**What this task involves:**
In the records below, find the line containing "While still in" and the line containing "Tee shirt chemise". Give again exactly those lines and every line between them, omitting the pictures.

START Information supplied

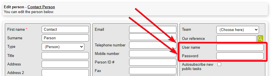 In order for a person to get access to the Extranet the following fields of a Personobject must be filled out:
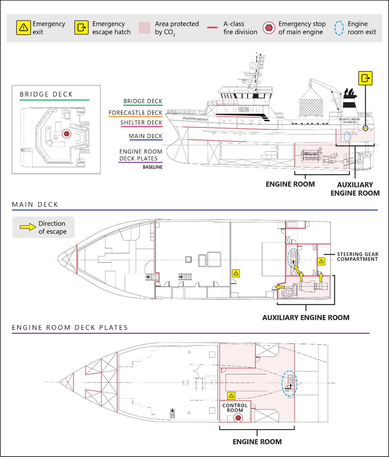 While still in the ECR, the second engineer donned an emergency escape breathing device (EEBD).Footnote 6 He left the ECR and tried to escape through the emergency escape hatch that led to the vessel’s processing factory. He could not open the emergency escape hatch and returned to the ECR, took a fire extinguisher, and escaped through the engine room entrance, putting out fires on his way. In the meantime, the chief engineer assembled and donned the second EEBD.Footnote 7 On the stairs leading to the auxiliary engine room, the second engineer met the master and the chief mate. He asked them to open the engine room emergency escape hatch from the processing factory and then returned to the engine room. The master and the chief mate opened the emergency escape hatch from above and the chief engineer escaped the engine room. As the second engineer followed the chief engineer out, the sound of water sloshing was heard.
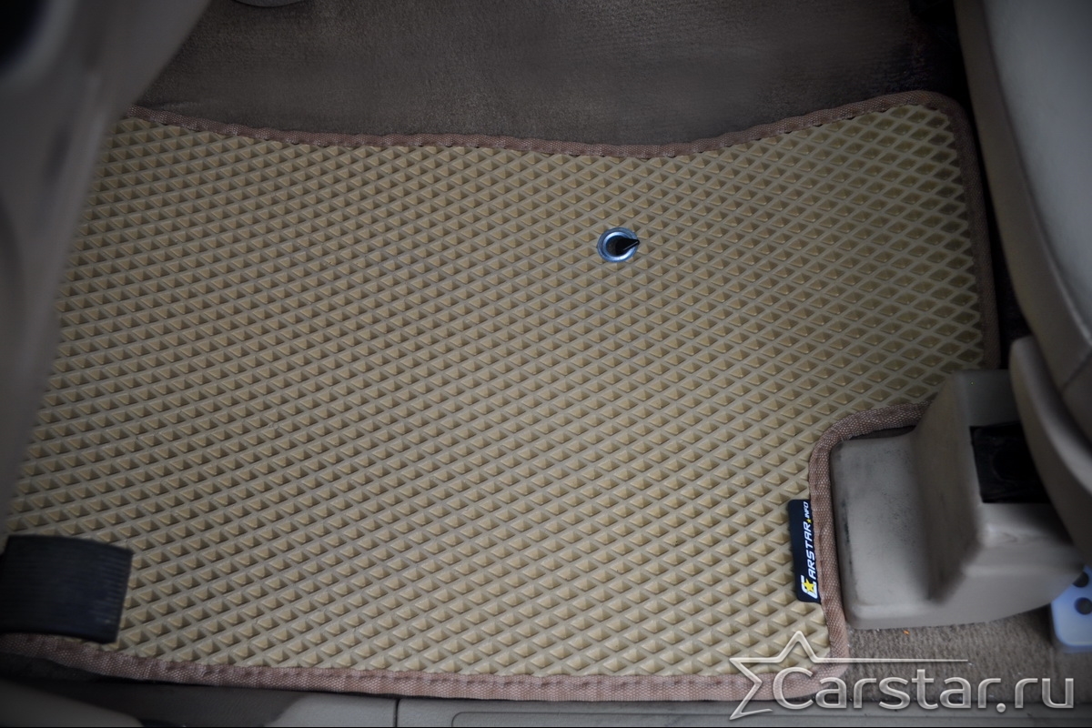 Текстильные коврики надёжно крепятся с помощью оригинальных систем фиксации. Обратная сторона имеет противоскользящее покрытие, что обеспечивает защиту от смещений и безопасность. Максимальное удобство достигается точными лекалами.
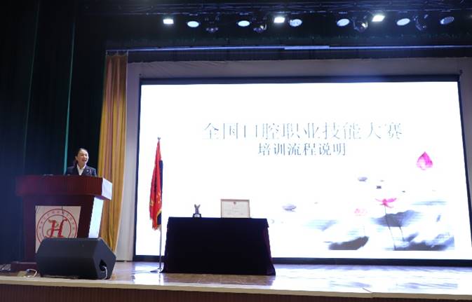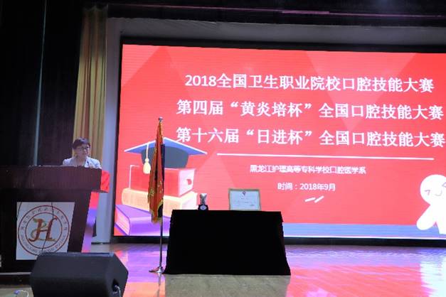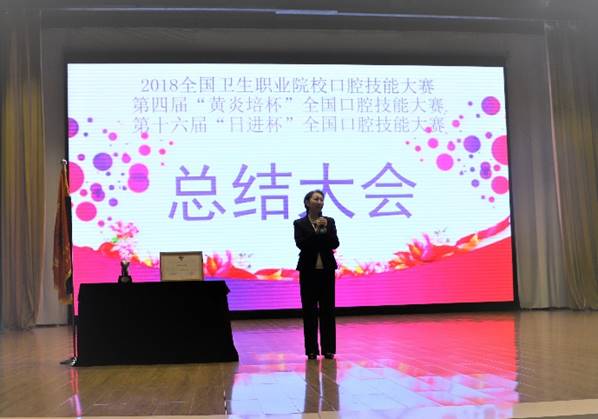 2018年9月7日12:30分,口腔医学系于南岗校区天使剧场举办了“2018年日进杯总结表彰大会”,参加本次大会的有彭波副校长、教务处施泓处长、口腔医学系马玉宏主任、刘鹤颖书记、拜博口腔集团黑龙江分公司总经理王雪、口腔医学系全体教师及2017级学生,口腔医学系副主任隋红主持了本次总结大会。
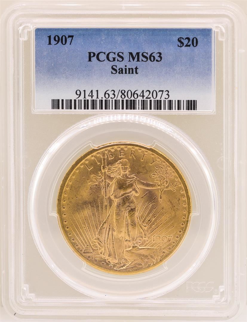 One 1907 $20 St. Gaudens Double Eagle Gold Coin PCGS MS63. PCGS Graded.
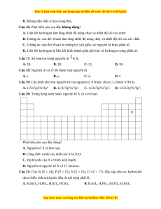 Câu 24: Sự kết hợp của các nguyên tử nào sau đây không tạo hợp chất dạng X
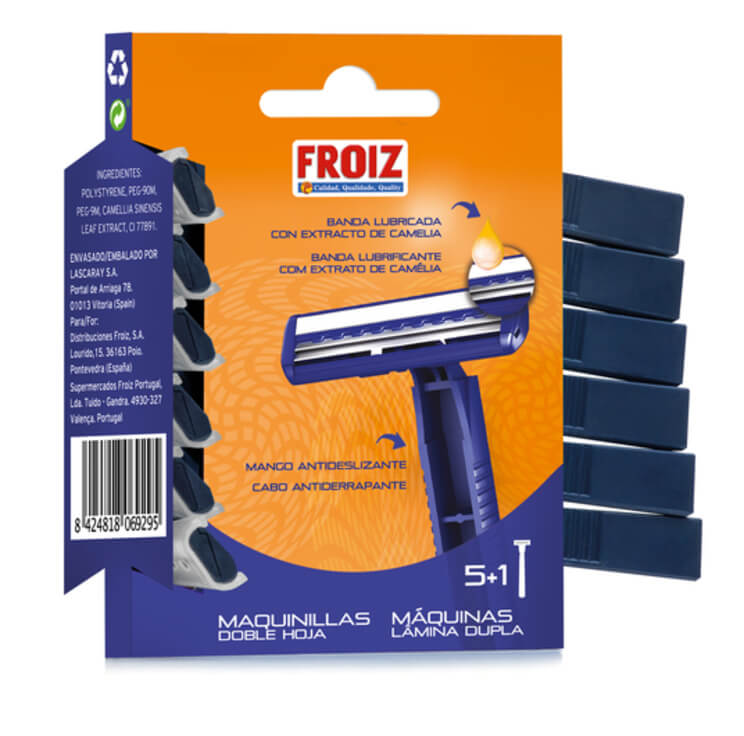 * Maquinilla desechable FROIZ 2 hojas 5+1u con banda lubricante
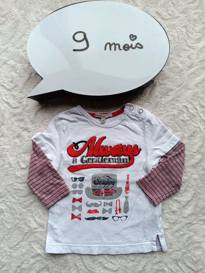 Tee shirt chemise manches longues Garçon 9 mois Always a gentleman Premaman 100% coton - photo numéro 1
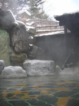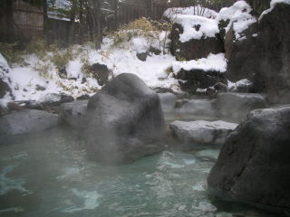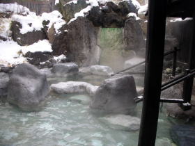 | 巨石が配されたいい露天風呂です。2つの湯舟のうち手前の方が熱めです。加水なしのかけ流しは奥の方、PH1.7の万代鉱は肌触りですぐわかります。万代鉱は高温ですが、上部から湯滝にして注ぎ込んでいるので温めになっているのでしょう。 |
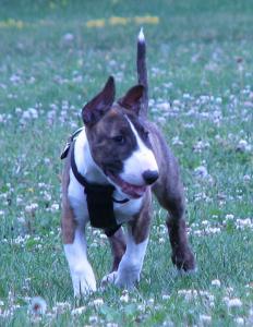 | Plemeno: | bulteriér | Barva srsti: | žíhaná, bílé znaky, krátká |
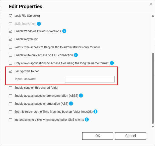 - Pokud je šifrovaná složka zamčená, odemkněte ji.PoznámkaPokud je složka zamčená, nemůžete upravovat vlastnosti složky, abyste deaktivovali šifrování.

END Information supplied

**Problem solution:**
 While still in the ECR, the second engineer donned an emergency escape breathing device (EEBD).Footnote 6 He left the ECR and tried to escape through the emergency escape hatch that led to the vessel’s processing factory. He could not open the emergency escape hatch and returned to the ECR, took a fire extinguisher, and escaped through the engine room entrance, putting out fires on his way. In the meantime, the chief engineer assembled and donned the second EEBD.Footnote 7 On the stairs leading to the auxiliary engine room, the second engineer met the master and the chief mate. He asked them to open the engine room emergency escape hatch from the processing factory and then returned to the engine room. The master and the chief mate opened the emergency escape hatch from above and the chief engineer escaped the engine room. As the second engineer followed the chief engineer out, the sound of water sloshing was heard.
 Текстильные коврики надёжно крепятся с помощью оригинальных систем фиксации. Обратная сторона имеет противоскользящее покрытие, что обеспечивает защиту от смещений и безопасность. Максимальное удобство достигается точными лекалами.
 2018年9月7日12:30分,口腔医学系于南岗校区天使剧场举办了“2018年日进杯总结表彰大会”,参加本次大会的有彭波副校长、教务处施泓处长、口腔医学系马玉宏主任、刘鹤颖书记、拜博口腔集团黑龙江分公司总经理王雪、口腔医学系全体教师及2017级学生,口腔医学系副主任隋红主持了本次总结大会。
 One 1907 $20 St. Gaudens Double Eagle Gold Coin PCGS MS63. PCGS Graded.
 Câu 24: Sự kết hợp của các nguyên tử nào sau đây không tạo hợp chất dạng X
 * Maquinilla desechable FROIZ 2 hojas 5+1u con banda lubricante
 Tee shirt chemise manches longues Garçon 9 mois Always a gentleman Premaman 100% coton - photo numéro 1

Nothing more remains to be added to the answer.